Overall, the confusion-matrix-based analysis further confirms that the proposed model is not only accurate in terms of global metrics, but also practically meaningful in engineering applications where fault sensitivity is more critical than nominal-state conservatism.

In addition, the Matthews correlation coefficient (MCC) calculated from the confusion matrix is 0.909, which further confirms the balanced classification capability of the proposed model. Unlike accuracy alone, MCC jointly considers true positives, true negatives, false positives, and false negatives, and therefore provides a more comprehensive evaluation of diagnostic reliability. Overall, the confusion-matrix-based analysis demonstrates that the proposed framework achieves strong and balanced performance on real-world cable fault data.

To further assess the balance between precision and recall for different diagnostic models, the Precision–Recall AUCs are shown in Figure 18.

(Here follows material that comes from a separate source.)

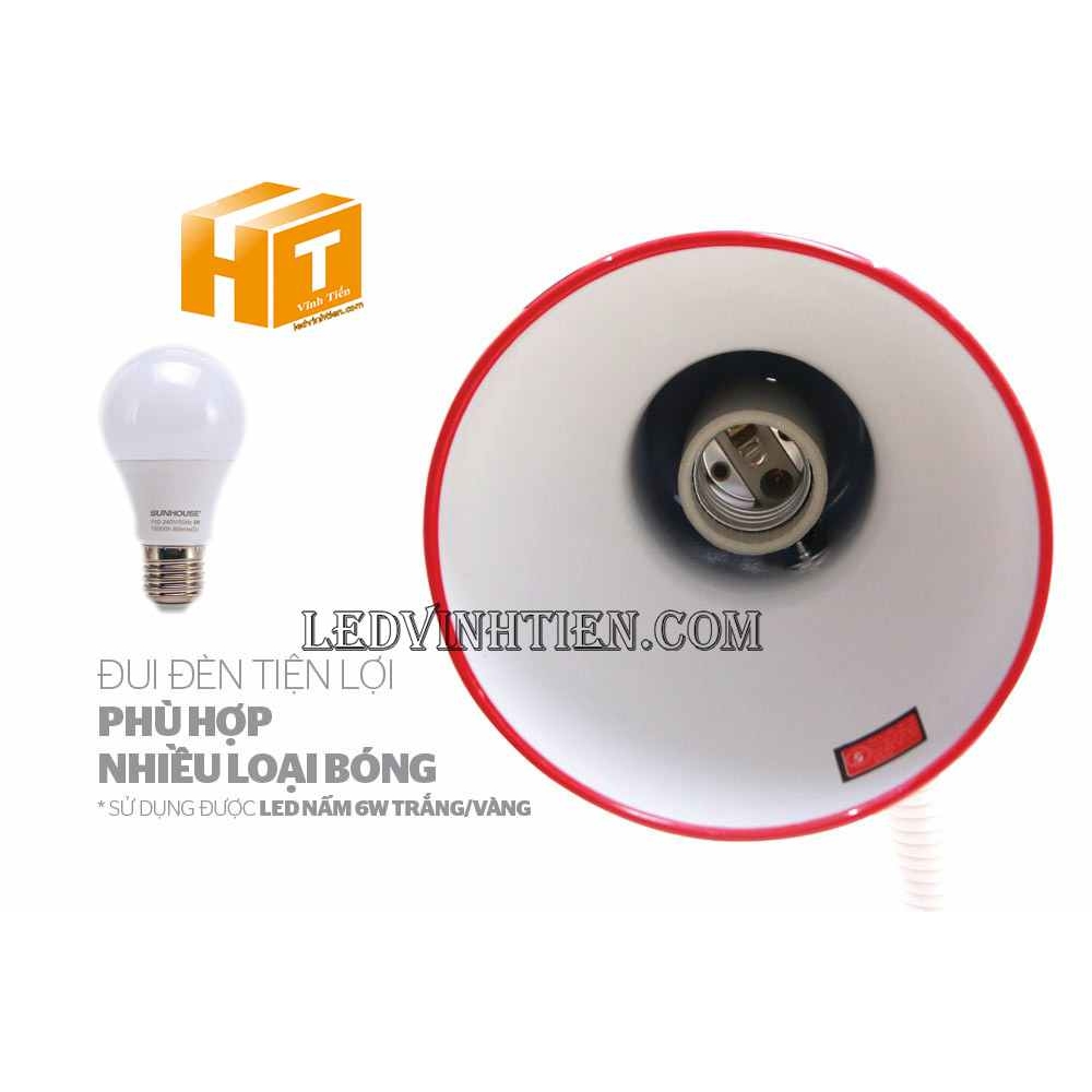 - Có thể dùng được với nhiều loại bóng như bóng đèn LED, sợi đốt, compact, cho bạn thêm nhiều lựa chọn khi có nhu cầu thay bóng.

As shown in Figure 18, the proposed model achieves a more favorable precision–recall trade-off than the comparison methods. Its PR curve remains closer to the upper-right region, indicating that high fault recall can still be maintained without a substantial loss of precision. This result is consistent with the previously reported accuracy, F1-score, ROC-AUC, and confusion-matrix analysis, and further confirms the superior reliability of the proposed framework for practical incipient cable fault diagnosis.

5. Conclusions

This study developed an incipient fault diagnosis framework for power cables by combining WOA-optimized CEEMDAN with a TCN-BiLSTM-Multi-HeadAttention classifier. By mapping WOA directly to the CEEMDAN parameter-optimization problem, the proposed method improved decomposition quality and enhanced the extraction of weak transient fault features from noisy signals. The optimized decomposition achieved its best performance at α = 0.13 and n = 126, with an RMSE of 0.097 and an SNR of 8.42 dB. On the real-world test dataset, the proposed model achieved 96.00% accuracy, 97.25% precision, 96.84% recall, an F1-score of 0.970, and an AUC of 0.97, confirming strong and balanced diagnostic performance. Additional small-sample and noise-robustness experiments further showed that the proposed framework remains effective under limited training data and strong interference. Overall, the results indicate that the proposed method provides an effective solution for early cable-fault diagnosis.

6. Limitations and Future Work

This study has several limitations. First, although both simulation and measured data were used, the real-world data were collected under a relatively limited acquisition framework; therefore, the proposed method has not yet been fully validated on independent cross-dataset or cross-domain scenarios. Second, the PSCAD model provides a controllable simulation environment but cannot fully reproduce all practical cable operating conditions, such as complex aging processes, environmental variability, and sensor-related disturbances. Third, the present framework was validated as an offline diagnosis method. In future work, an online monitoring system will be implemented on hardware platforms to further evaluate the real-time applicability and engineering feasibility of the proposed method.